Given information
%%

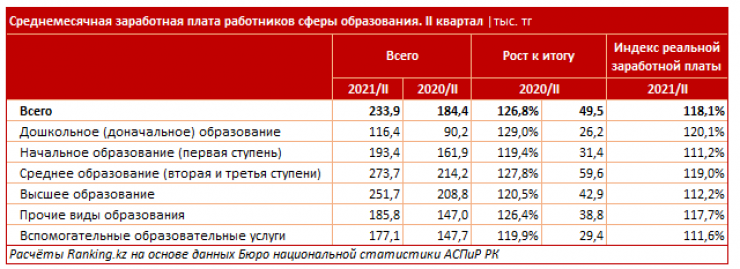 Средняя месячная зарплата работников образования во втором квартале года достигла 233,9 тысячи тенге и выросла на 26,8 процента по сравнению с аналогичным периодом прошлого года. Индекс покупательной способности зарплаты работников образования составил 18,1 процента.
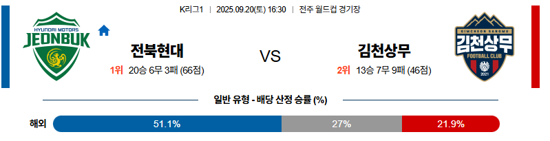 전북 대 김천 K리그1 09월20일 맞대결 생중계, 스포츠중계, 스포츠분석
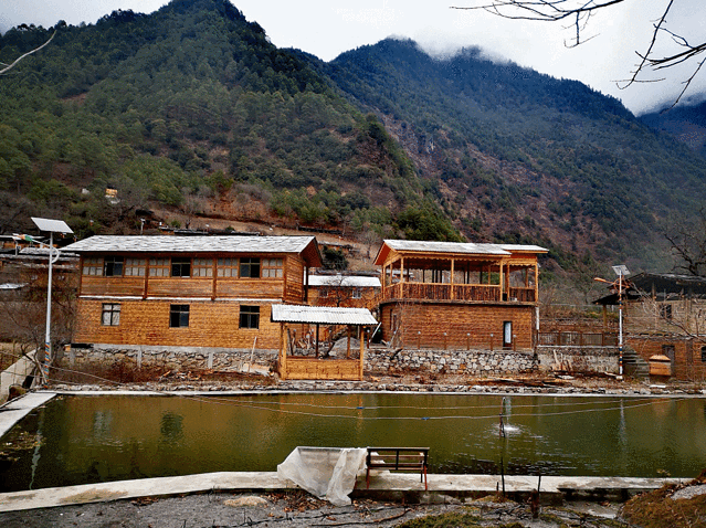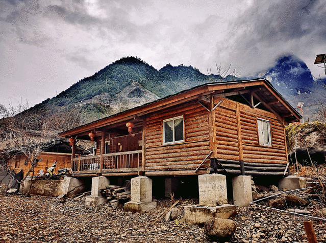 桃花岛地势平坦一些,有些地方视野开阔,这些怒族民居看起来倒像是丛林里的小木屋。
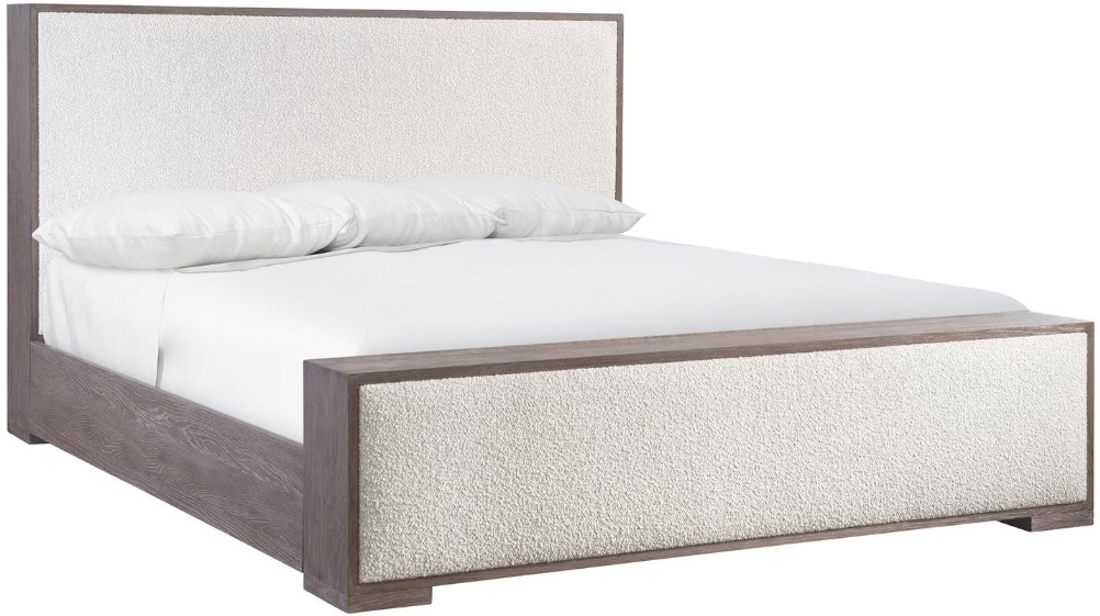 An understated tactile style is showcased in the Casa Paros panel bed. A deep wood frame in Playa finish surrounds inset upholstered panels on the headboard and footboard. The low footboard is deep enough to be used as a bench.Read More

%%

Exercise description
Only the lines from the line with "전북 대 김천 K리그1 09월20일 맞대결 생중계, 스포츠중계, 스포츠분석" to the bottom of the material above should be reproduced, exactly and without pictures.

Expected answer
 전북 대 김천 K리그1 09월20일 맞대결 생중계, 스포츠중계, 스포츠분석
 桃花岛地势平坦一些,有些地方视野开阔,这些怒族民居看起来倒像是丛林里的小木屋。
 An understated tactile style is showcased in the Casa Paros panel bed. A deep wood frame in Playa finish surrounds inset upholstered panels on the headboard and footboard. The low footboard is deep enough to be used as a bench.Read More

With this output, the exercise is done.